Optional problems with solution
Problem 4.1 In how many ways can you
- draw a first card and then a second card from a 52-card deck?
- draw a two cards from a 52-card deck?
- draw a first, second, and third card from a 52-card deck?
Give reasons for your answers?
Problem 4.2 (Video Solution «Counting dinners») A dinner meal ought to comprise both starch and protein. Suppose you have the options of potatoes, rice, and spaghetti for the starch and beef, chicken, or meatballs for the protein.
How many different dinners can you cook? Assume that you are allowed only one ingredient of each type.

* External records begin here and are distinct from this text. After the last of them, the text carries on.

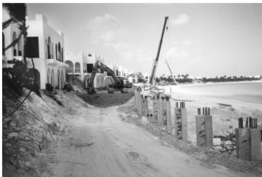
Photo 2. Seawall under construction, Maunday's Bay, Anguilla. September 2000.

opment continues in Anguilla. The narrow sandy barriers separating salt ponds from the sea are prime sites for development. During Hurricane Lenny many of these barriers were breached illustrating their fragility, their vulnerability and their unsuitability for permanent buildings.
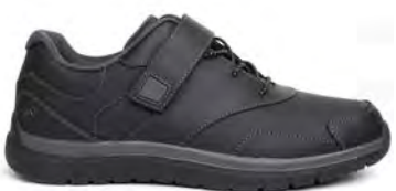
Sport Walker Black
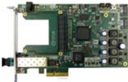
Commercially available SPEC card
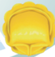
C 12 TA
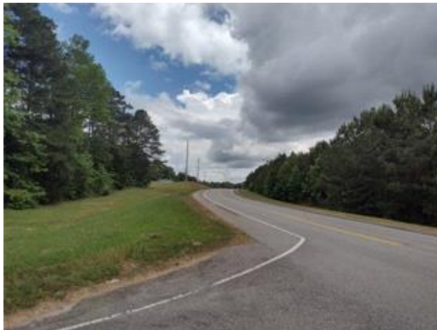
Street Frontage (Subject on Left)
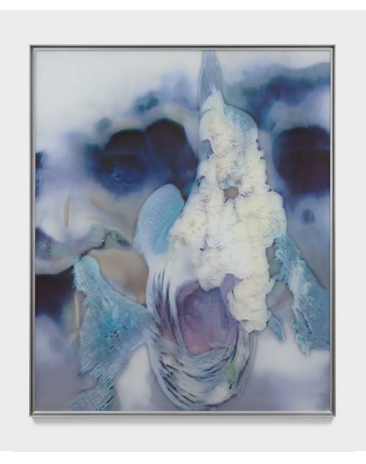
Elysia Chlorotica, 2019. Kelp, emulsified fuel, glycerin, crepeline, acrylic, LED, animatronic insects. 127 \times 66 \times 66 cm. Courtesy the artist and Gladstone Gallery

Anicka Yi, tRbLtS\bar{n}MLt\bar{n}KbL\bar{n}t , 2022. Acrylic, UV print, aluminum artist's frame. 170,8 × 140,3 × 3,8 cm. © Anicka Yi. Courtesy of the artist and Gladstone Gallery. Photography by Tom Powel Imaging
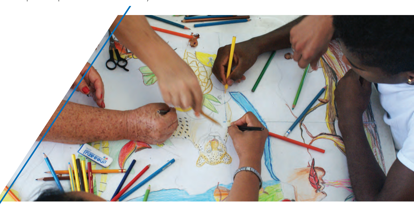
Throughout this Policy we have attempted to illustrate our Agency's CVE work while ensuring we protect our partners and the communities we work with by de-identifying photos, given the very real threat many of our partners face from violent extremists.

USAID is proud to present this new CVE Policy.
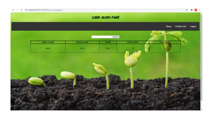
Fig 9.PRODUCT SEARCH BY USER
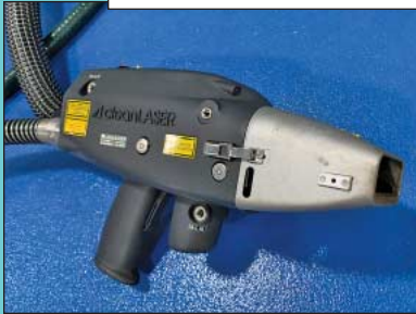
1,000-Watt Clean Laser Model CL1000 Laser
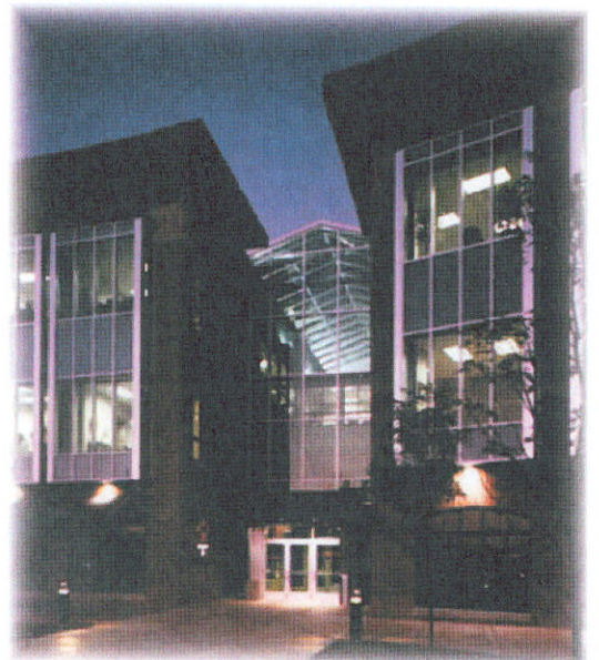
Woodlake Centre Retail and Office
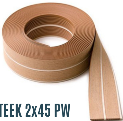
ISITEEK 2x45 PW
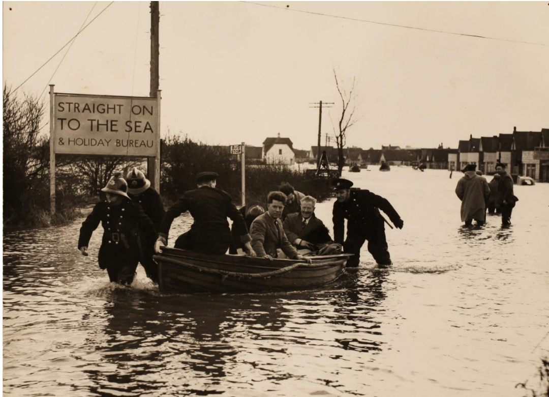
Rescuers in Jaywick (D/Z 35/15)

The Essex Sound and Video Archive preserves radio broadcasts, oral histories, and videos relating to the 1953 North Sea flood on Essex.
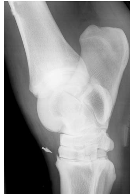
Figure 8. Lateromedial view of the hock. The arrow points at a bony spur with well defined contour on the dorsoproximal aspect of the third metatarsus without any change of opacity either in the joint margins or in the subchondral bone. This radiographic finding is not considered a DJD sign, but rather an incidental finding without clinical significance.
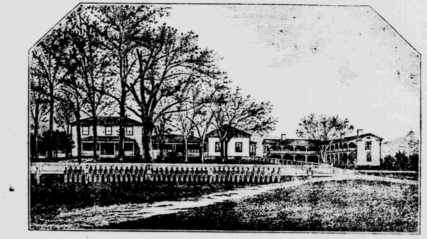
A VIEW OF HORNER'S OLD AND CELEBRATED SCHOOL.

HORNER'S SCHOOL. The school has been under its present management for more than thirty years.
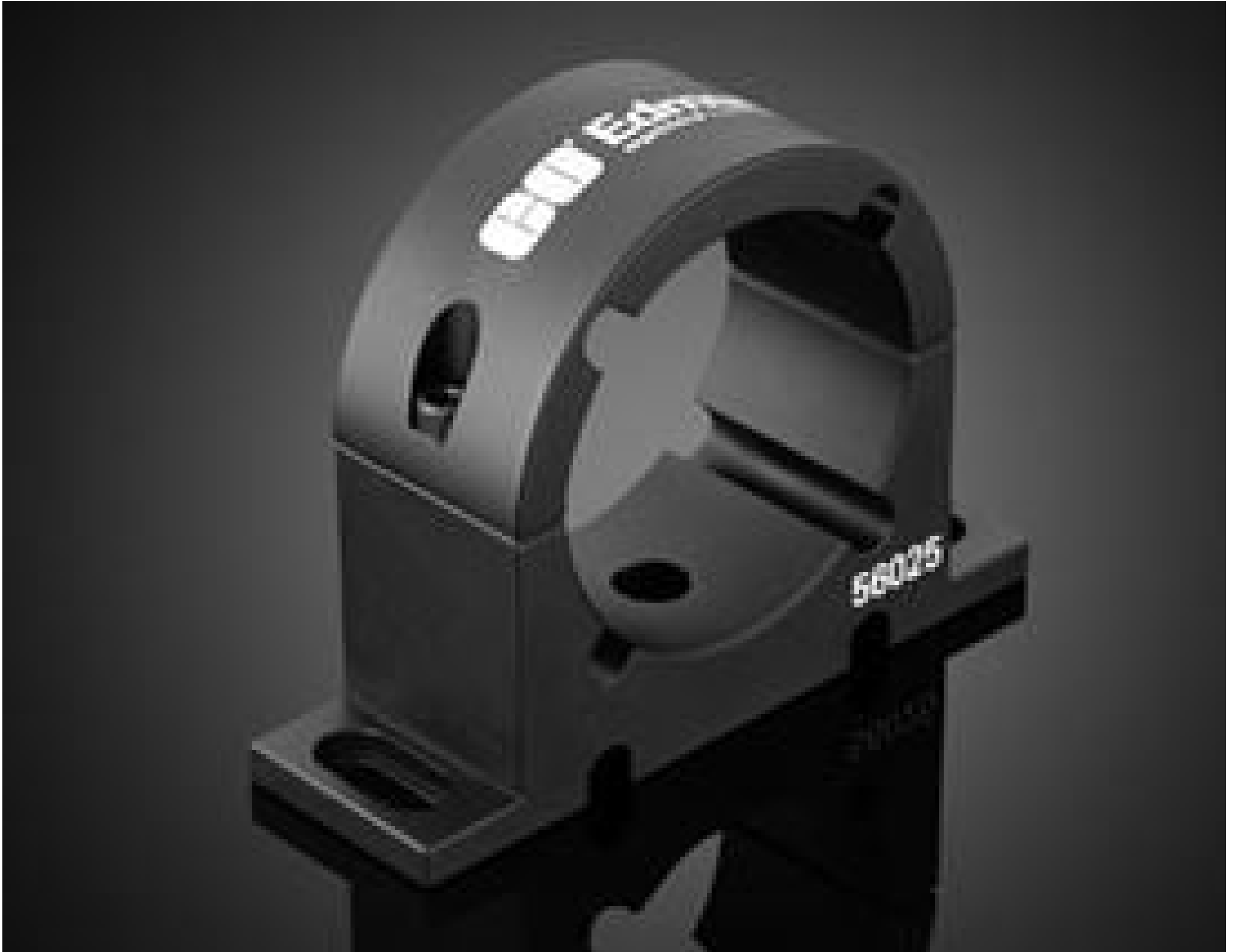
#56-025: Mounting Clamp, 65mm Inner Diameter
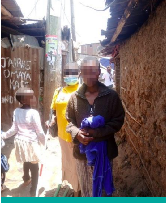
A woman is walking with her guide in the informal settlement.

conditions. There is also a good policy basis to make progress towards disability inclusion. It is important these two agendas are coordinated. Kenya enacted its first disability law, the 'Persons with Disabilities Act' in 2003 and ratified the UNCRPD in 2008. According to official statistics, around 1.1% of Nairobi's population are persons with disabilities, but it is recognised that this is likely an underestimation and the need for inclusive and accessible environments is much higher. Nairobi as the capital city of Kenya has a real opportunity to lead by example in terms of inclusive city design, not just for cities in Kenya but across the continent, as a key African commercial hub.
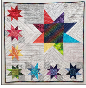
I just finished for one of my husband's coworkers who has a baby due in Sept. It wasn't slated for the Stars exhibit, but I think it would have made a nice addition! We can caption it "Wonky stars scrappy quilt destined for an Indianapolis baby due in the fall." saw a picture on Pinterest and just made it up as I went along!
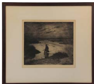
Lot 746 - FRANK WESTON BENSON (MA, 1862-1951) - "Dusk", etching on paper, pencil signed and numbered 8/50, 9 1/4" x 10 3/4" est. $3000 - $4000
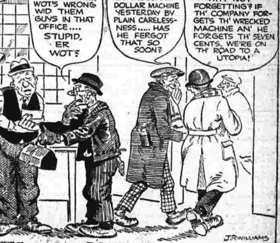
THE KICK By WILLIAMS
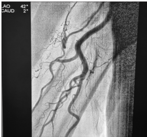
Figure 1: The concept of arterial dominance.
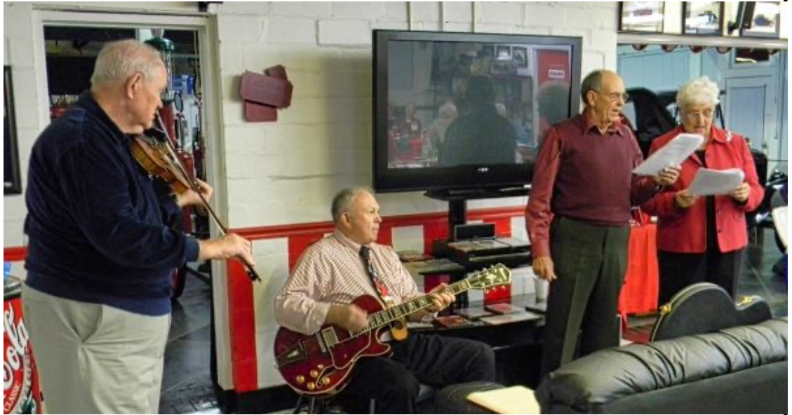
Even had a band at the Christmas Party
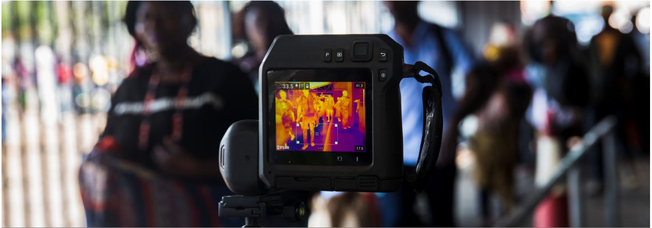
Health screening at the Petite Barrière Point of Entry, one of two border points connecting the densely populated city of Goma in the Democratic Republic of the Congo with Rwanda.
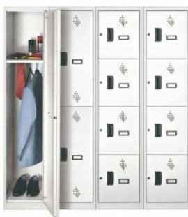
Personal Locker Unit
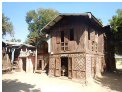
One of the deteriorating school buildings
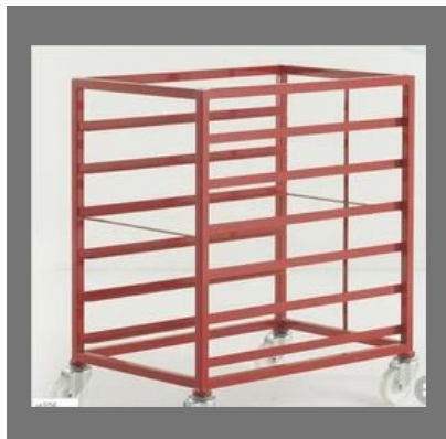
Material Handling Hanging Material Trolley
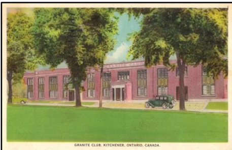
Granite Club at 69 Agnes St, Kit.
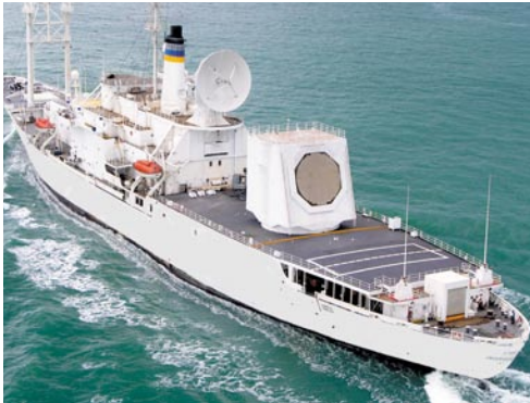
The Cobra Judy S-Band radar is located on the aft section of the USNS Observation Island. Working in conjunction with its sister X-Band radar, it is operated by the U.S. Air Force and deployed worldwide.

Cobra Judy S-band is a phased-array data collection radar mounted aboard the USNS Observation Island. Designed in 1976 and first made operational in 1981, the transmitter hardware became difficult to support, with some components entirely obsolete. In December 2004, DTI began the effort to modernize the transmitter by installing modern, solid-state technology. All of the transmitter's electronic systems between ship's power and the radar's sixteen Traveling Wave Tubes (TWTs), their solenoids, the solenoid power supplies and ion pump controllers, were upgraded. Installation was completed in October 2006.
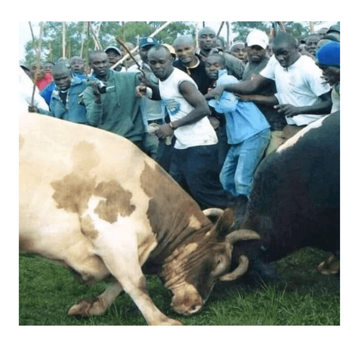
Plate 3: Showing how the community embraces bullfighting

On the bullfighting day, there are three items that are seen: Isukuti, shisiliba (whistle) and African ritual rods. The rods used during bullfighting include: Lusui, lisibwa and Lutari (African traditional rods believed to have cultural purposes). In this case, lusui is dioecious where the male one is the one used in bullfighting and specifically for men, while the female one can be used for other purposes such as grazing animals etc. The lusui and lusibwa are used by the people around the bull. Herbs are put on them to protect the bull, bring victory, and block bad omens. The
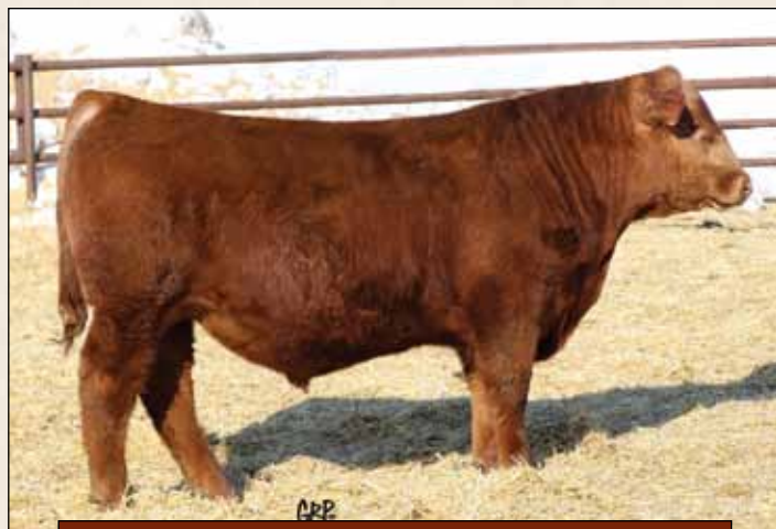
Lot 21: Banjo 90X
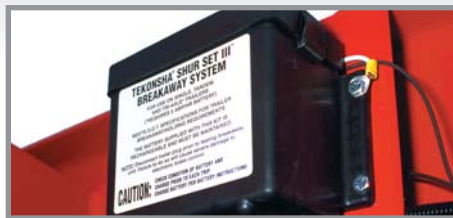
All Mac-Lander trailers are equipped with conduit enclosed wiring loom and safety brake-away kit with battery.

Problem 4.3 You take part in an urban orienteering race, where you have to visit three out of five posts in any order. The posts are, say, Fjellstuen, the church at Aspøya, Kremmergården, Gågaten, and Byparken.
How many iteneraries are possible.
Problem 4.4 (Paraphrased from Stein et al. Section 1.2) A password (for some computer system) is between four and eight characters long (inclusive), and composed of lowercase and/or uppercase letters (26-letter alphabet).
- How many passwords are possible?
- What counting principle(s) do you use?
- What percentage of valid passwords have exactly four letters?
Problem 4.5 A basketball team has twelve players, with five players on the field at any time.
- In how many ways can the coach choose the five players?
- In how many ways can the coach choose the
players, given that he has five guards, four forwards, and thre centres on the team?
- Suppose one of the three centres is also skilled as a forward. How many ways are there to choose the five players now?
Problem 4.6 (Video Solution «Lotto») What is the probability of getting 7 correct numbers in a lotto ticket (playing one row only)?
The draw selects 7 random numbers out of a pool of 34 numbers. You need to start by calculating the number of possible 7-sets that can be drawn.